Task prompt:
Would you restate each line of the data below word for word, without its pictures?

Data segment:
..........

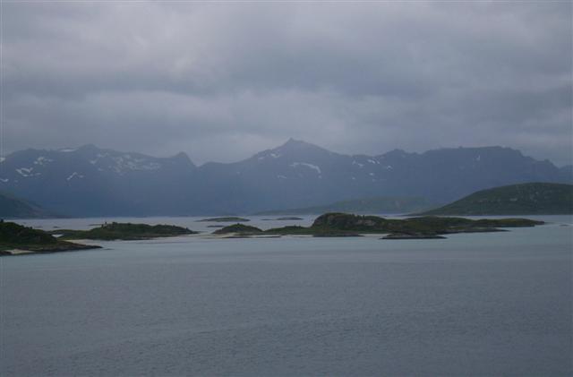 Beide Inseln zeichnen sich durch eine Vielzahl von Stränden und winzigen vorgelagerten Inselchen aus, hier der Blick von Sommarøy nach Süden zu den Bergen der großen Insel Senja. Von Karlsøy führt eine große aber schmale Brücke im ampelgesteuerten Einbahnstraßenverkehr zur Sommerinsel (=Sommarøy), die aber wettermäßig eher an einen Oktobertag an der Nordsee erinnert.
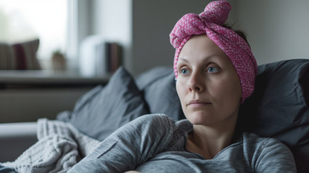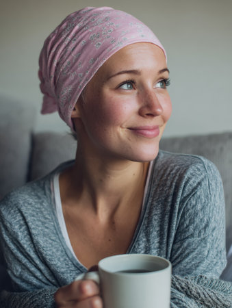 A woman with a pink headscarf enjoys a warm drink while reflecting on her self-care journey during cancer treatment in a comfortable, serene environment.
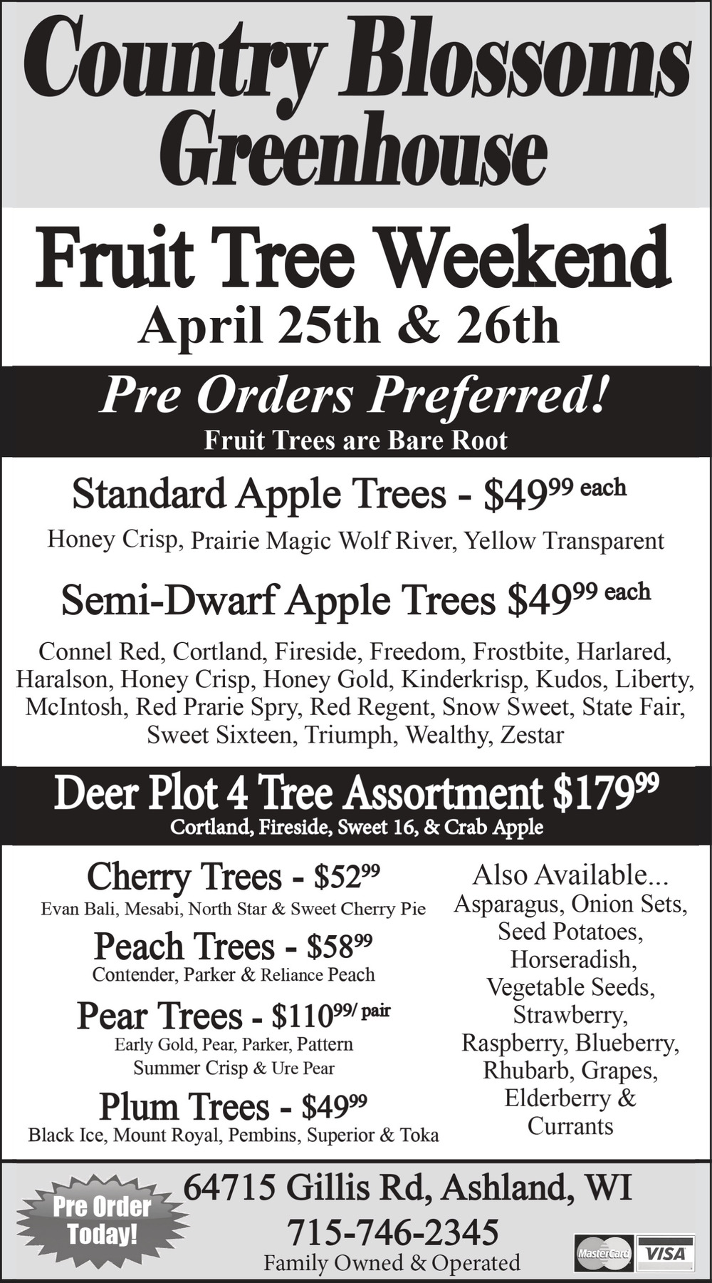 Ads for Country Blossoms Greenhouse in Ashland, WI

..........

Result of the task:
 Beide Inseln zeichnen sich durch eine Vielzahl von Stränden und winzigen vorgelagerten Inselchen aus, hier der Blick von Sommarøy nach Süden zu den Bergen der großen Insel Senja. Von Karlsøy führt eine große aber schmale Brücke im ampelgesteuerten Einbahnstraßenverkehr zur Sommerinsel (=Sommarøy), die aber wettermäßig eher an einen Oktobertag an der Nordsee erinnert.
 A woman with a pink headscarf enjoys a warm drink while reflecting on her self-care journey during cancer treatment in a comfortable, serene environment.
 Ads for Country Blossoms Greenhouse in Ashland, WI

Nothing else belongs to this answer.